#SouthernKaduna: Body language at play?

by Tosin Adesina

According to Wikipedia, body language also known as kinesics is a type of non-verbal communication in which physical behaviour, as opposed to words, are used to express or convey information.

The unabated Southern Kaduna crisis and other crises involving Fulani herdsmen in the country has been attributed to the poor body language of the President who himself is the Grand Patron of Miyetti Allah Cattle Breeders Association in Nigeria.

To start with, the Fulani crisis has been a pre-Buhari occurrence with little skirmishes here and there but the prominence it attained in two years of the Buhari administration gave credence to accusations that the president is in support of the heinous acts.

Examples of these abounds in the refusal of the Federal Government to take a decisive step on the attacks at the initial stage. The government spent its energy attributing the upsurge to the activities of the “defeated” Boko Haram terrorist masquerading as Fulani herdsmen.

The defence took a dramatic turn when the Minister of Information Alhaji Lai Mohammed declared that cows come into the country all the way from Mauritius – thousands of miles away from us.

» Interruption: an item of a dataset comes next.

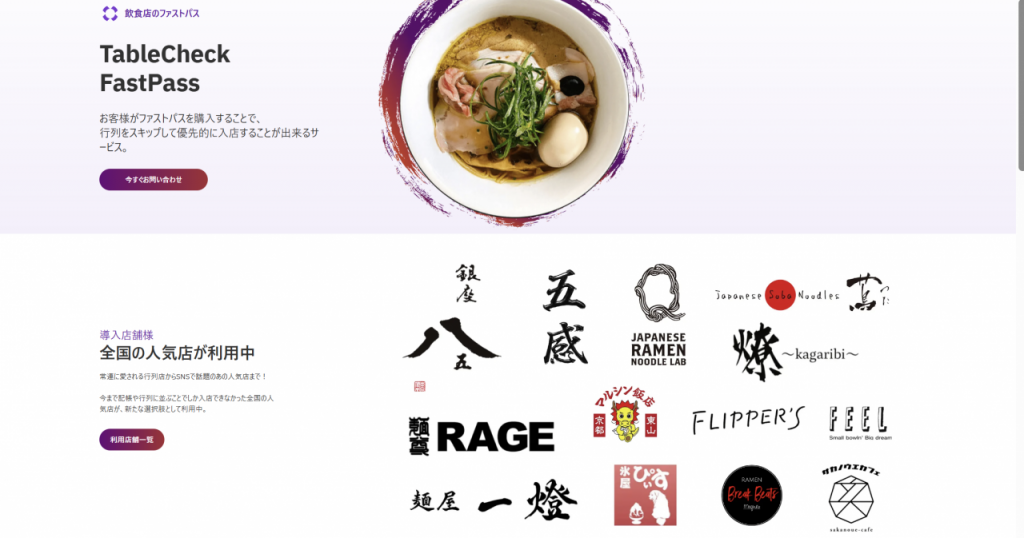 일본에서는 최근 패스트 패스 플랫폼 '테이블 체크'가 유행하고 있습니다. 플랫폼 제휴 업체들은 패스트 패스를 구입해 웨이팅 없이 들어갈 수 있는데요. 가게마다 패스 가격은 천차만별이지만, 호응을 얻고 있습니다.

The presidency on several occasions maintained its stand on the non- culpability of the Fulanis in the crisis. This laid back approach of the president may just have been all the encouragement the herdsmen needed to cause chaos.

The prominence Fulani cattle rearers have gained in Nigeria today is unbelievable. Everywhere you go you see herds of cattle, from the Abuja airport road to the National stadium Abuja, major highways in the country are not spared and even the National Youth Service Corps orientation camp in Adamawa has its own story to tell on the herdsmen menace. The boldness of the herdsmen to demand for grazing reserves in areas such as Enugu, Delta and others has brought to question the stand of the presidency on issues relating to Fulani herdsmen.

The Kaduna Governor, Nasir el-Rufai was once quoted as saying he paid rampaging Fulani herdsmen money to placate them after they attacked the innocent people of Southern Kaduna. Hid statement received a rousing condemnation across the country, as he was accused of taking sides with his ‘brothers’ and the resultant effect was better imagined than experienced as the suspected herdsmen attacked the communities days later.

The body language of the President and the Kaduna Governor has been done nothing but emboldened the herdsmen.

Will this change in the coming weeks? We wait to see.